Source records
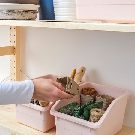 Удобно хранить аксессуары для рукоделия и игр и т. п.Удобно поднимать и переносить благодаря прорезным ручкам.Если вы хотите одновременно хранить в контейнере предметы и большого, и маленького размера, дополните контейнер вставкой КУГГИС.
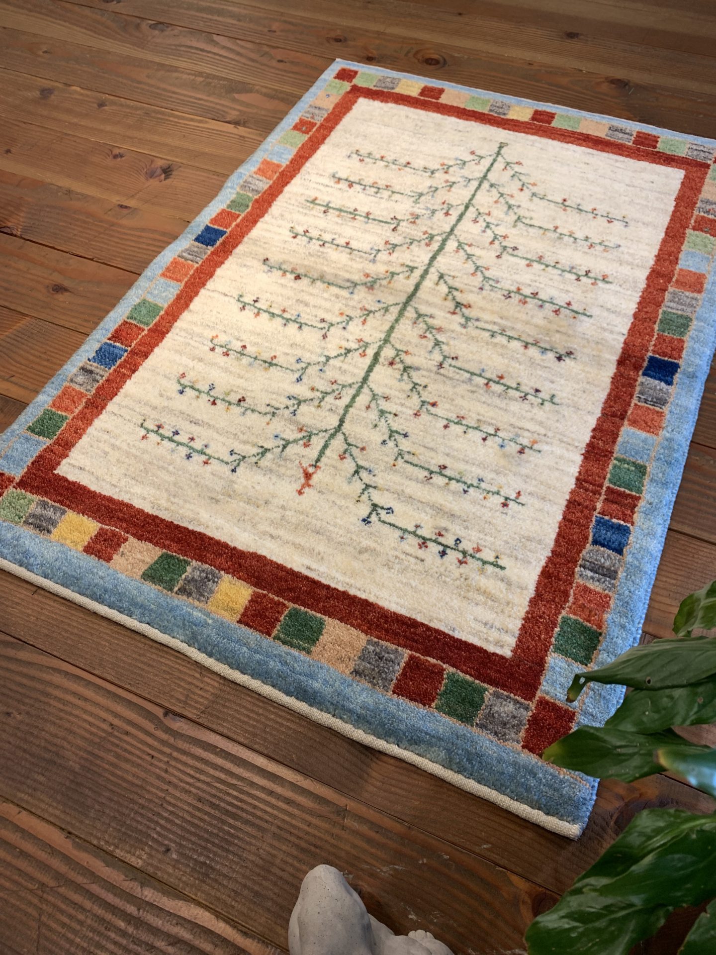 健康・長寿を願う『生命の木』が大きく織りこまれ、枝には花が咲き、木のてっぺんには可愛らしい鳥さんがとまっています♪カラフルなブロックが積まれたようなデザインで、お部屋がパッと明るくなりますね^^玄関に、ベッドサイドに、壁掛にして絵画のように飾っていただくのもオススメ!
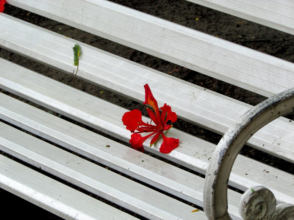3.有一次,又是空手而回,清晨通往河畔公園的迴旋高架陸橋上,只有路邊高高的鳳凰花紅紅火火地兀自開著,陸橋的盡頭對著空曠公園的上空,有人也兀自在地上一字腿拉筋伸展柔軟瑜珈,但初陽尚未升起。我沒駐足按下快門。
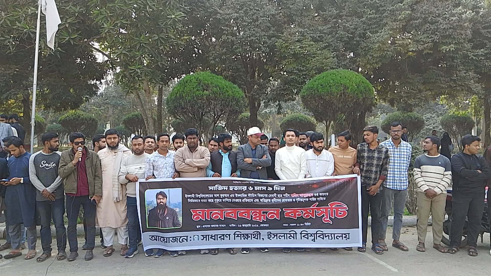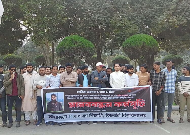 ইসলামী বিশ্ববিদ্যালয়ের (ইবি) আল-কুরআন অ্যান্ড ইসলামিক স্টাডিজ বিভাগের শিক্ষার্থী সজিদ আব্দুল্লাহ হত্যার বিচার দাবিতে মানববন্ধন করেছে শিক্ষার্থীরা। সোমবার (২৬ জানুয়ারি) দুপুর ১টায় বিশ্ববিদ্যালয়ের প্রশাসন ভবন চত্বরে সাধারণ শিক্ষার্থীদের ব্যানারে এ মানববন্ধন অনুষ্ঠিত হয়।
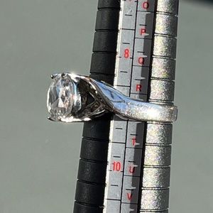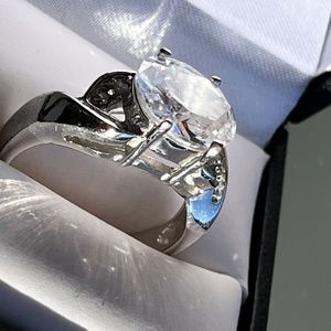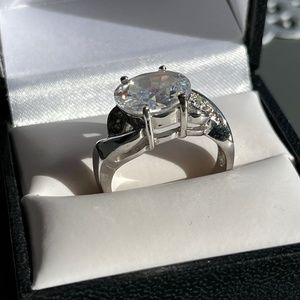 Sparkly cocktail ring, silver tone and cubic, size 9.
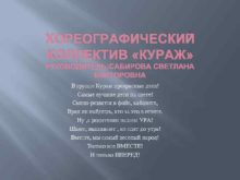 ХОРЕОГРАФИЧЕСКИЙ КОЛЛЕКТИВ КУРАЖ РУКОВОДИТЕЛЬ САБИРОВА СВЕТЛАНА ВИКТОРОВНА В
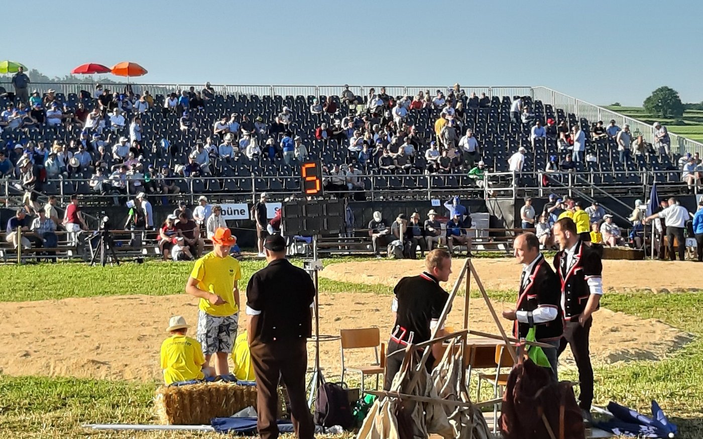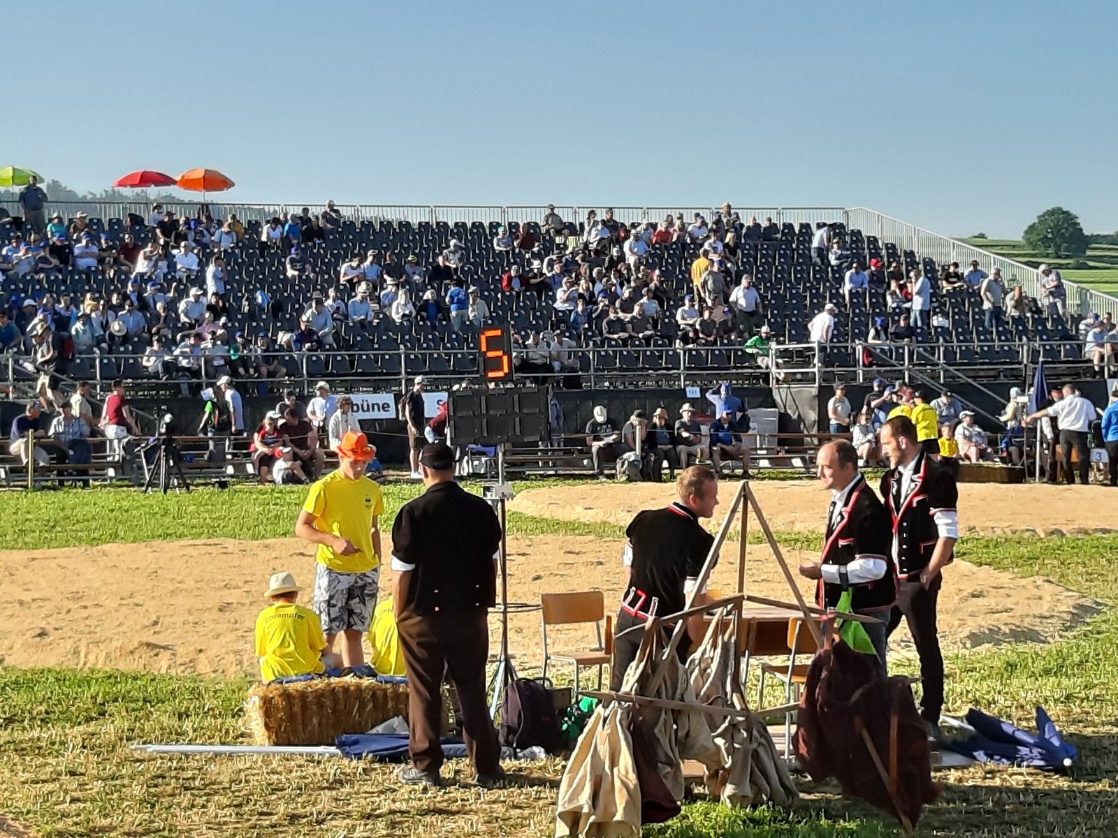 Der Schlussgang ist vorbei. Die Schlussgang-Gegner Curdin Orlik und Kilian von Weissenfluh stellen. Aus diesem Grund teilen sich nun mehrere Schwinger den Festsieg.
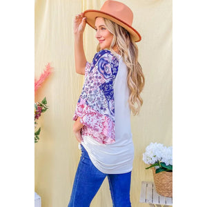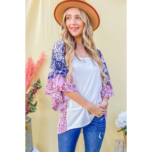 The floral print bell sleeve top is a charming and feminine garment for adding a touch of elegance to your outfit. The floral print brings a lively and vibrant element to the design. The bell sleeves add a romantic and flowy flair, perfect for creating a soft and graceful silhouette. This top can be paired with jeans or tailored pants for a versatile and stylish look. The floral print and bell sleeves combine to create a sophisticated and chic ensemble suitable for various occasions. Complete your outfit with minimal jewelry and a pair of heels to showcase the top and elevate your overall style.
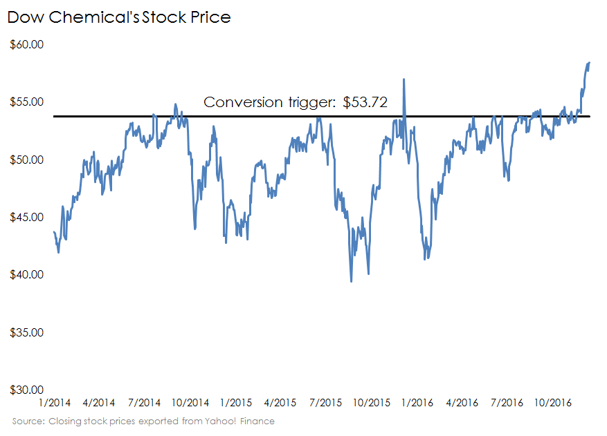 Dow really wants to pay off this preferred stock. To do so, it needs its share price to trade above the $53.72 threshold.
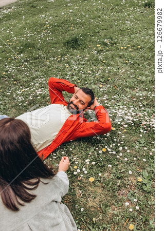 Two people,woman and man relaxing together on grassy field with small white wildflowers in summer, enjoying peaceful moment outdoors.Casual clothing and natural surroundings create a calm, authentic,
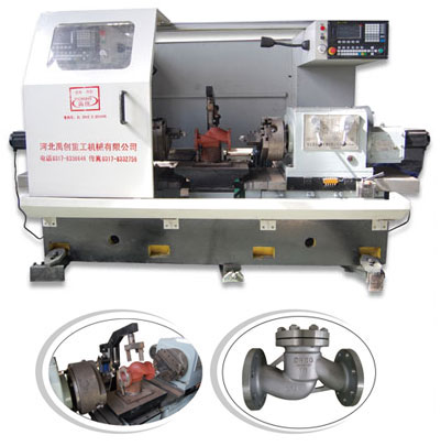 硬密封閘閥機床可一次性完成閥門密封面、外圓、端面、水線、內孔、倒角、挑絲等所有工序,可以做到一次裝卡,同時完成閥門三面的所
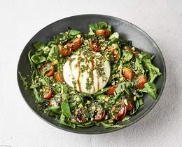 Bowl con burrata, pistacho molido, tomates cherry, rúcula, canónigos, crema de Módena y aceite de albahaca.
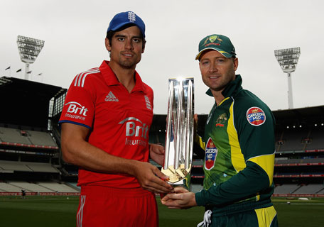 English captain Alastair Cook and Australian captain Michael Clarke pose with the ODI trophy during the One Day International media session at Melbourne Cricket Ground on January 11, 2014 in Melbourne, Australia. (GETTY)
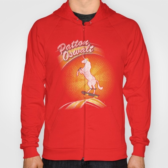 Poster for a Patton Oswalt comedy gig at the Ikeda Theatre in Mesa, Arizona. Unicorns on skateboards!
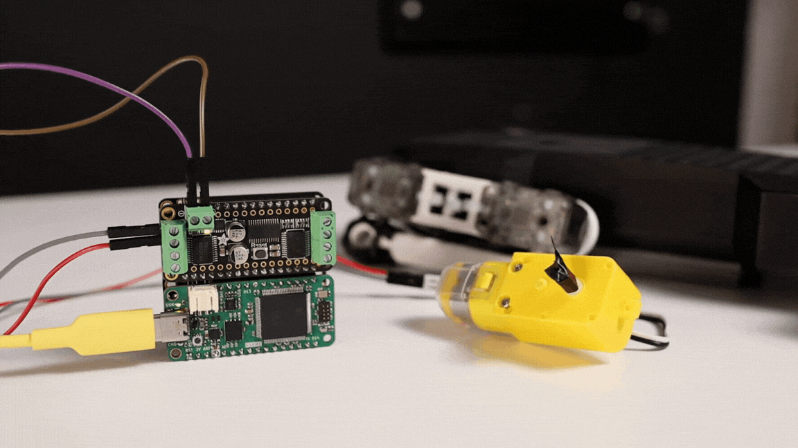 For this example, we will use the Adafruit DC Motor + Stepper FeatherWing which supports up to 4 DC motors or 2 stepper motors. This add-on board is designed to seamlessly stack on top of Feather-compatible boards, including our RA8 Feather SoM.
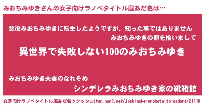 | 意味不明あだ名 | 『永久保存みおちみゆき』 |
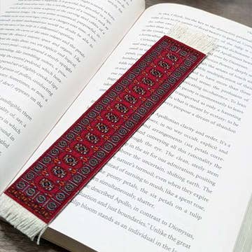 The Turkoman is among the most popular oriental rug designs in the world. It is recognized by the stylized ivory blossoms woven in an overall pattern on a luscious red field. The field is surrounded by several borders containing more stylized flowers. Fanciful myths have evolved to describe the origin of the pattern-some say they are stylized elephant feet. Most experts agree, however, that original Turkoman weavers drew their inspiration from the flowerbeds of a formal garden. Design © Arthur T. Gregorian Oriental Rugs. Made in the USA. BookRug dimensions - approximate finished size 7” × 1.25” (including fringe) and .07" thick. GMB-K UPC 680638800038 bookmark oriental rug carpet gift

**TASK ITEM**
Exact repetition is the task: every line from the start of the data to the line with "ХОРЕОГРАФИЧЕСКИЙ КОЛЛЕКТИВ КУРАЖ", inclusive, and none after it, pictures omitted.

**RESPONSE TO THE EXERCISE**
 Удобно хранить аксессуары для рукоделия и игр и т. п.Удобно поднимать и переносить благодаря прорезным ручкам.Если вы хотите одновременно хранить в контейнере предметы и большого, и маленького размера, дополните контейнер вставкой КУГГИС.
 健康・長寿を願う『生命の木』が大きく織りこまれ、枝には花が咲き、木のてっぺんには可愛らしい鳥さんがとまっています♪カラフルなブロックが積まれたようなデザインで、お部屋がパッと明るくなりますね^^玄関に、ベッドサイドに、壁掛にして絵画のように飾っていただくのもオススメ!
3.有一次,又是空手而回,清晨通往河畔公園的迴旋高架陸橋上,只有路邊高高的鳳凰花紅紅火火地兀自開著,陸橋的盡頭對著空曠公園的上空,有人也兀自在地上一字腿拉筋伸展柔軟瑜珈,但初陽尚未升起。我沒駐足按下快門。
 ইসলামী বিশ্ববিদ্যালয়ের (ইবি) আল-কুরআন অ্যান্ড ইসলামিক স্টাডিজ বিভাগের শিক্ষার্থী সজিদ আব্দুল্লাহ হত্যার বিচার দাবিতে মানববন্ধন করেছে শিক্ষার্থীরা। সোমবার (২৬ জানুয়ারি) দুপুর ১টায় বিশ্ববিদ্যালয়ের প্রশাসন ভবন চত্বরে সাধারণ শিক্ষার্থীদের ব্যানারে এ মানববন্ধন অনুষ্ঠিত হয়।
 Sparkly cocktail ring, silver tone and cubic, size 9.
 ХОРЕОГРАФИЧЕСКИЙ КОЛЛЕКТИВ КУРАЖ РУКОВОДИТЕЛЬ САБИРОВА СВЕТЛАНА ВИКТОРОВНА В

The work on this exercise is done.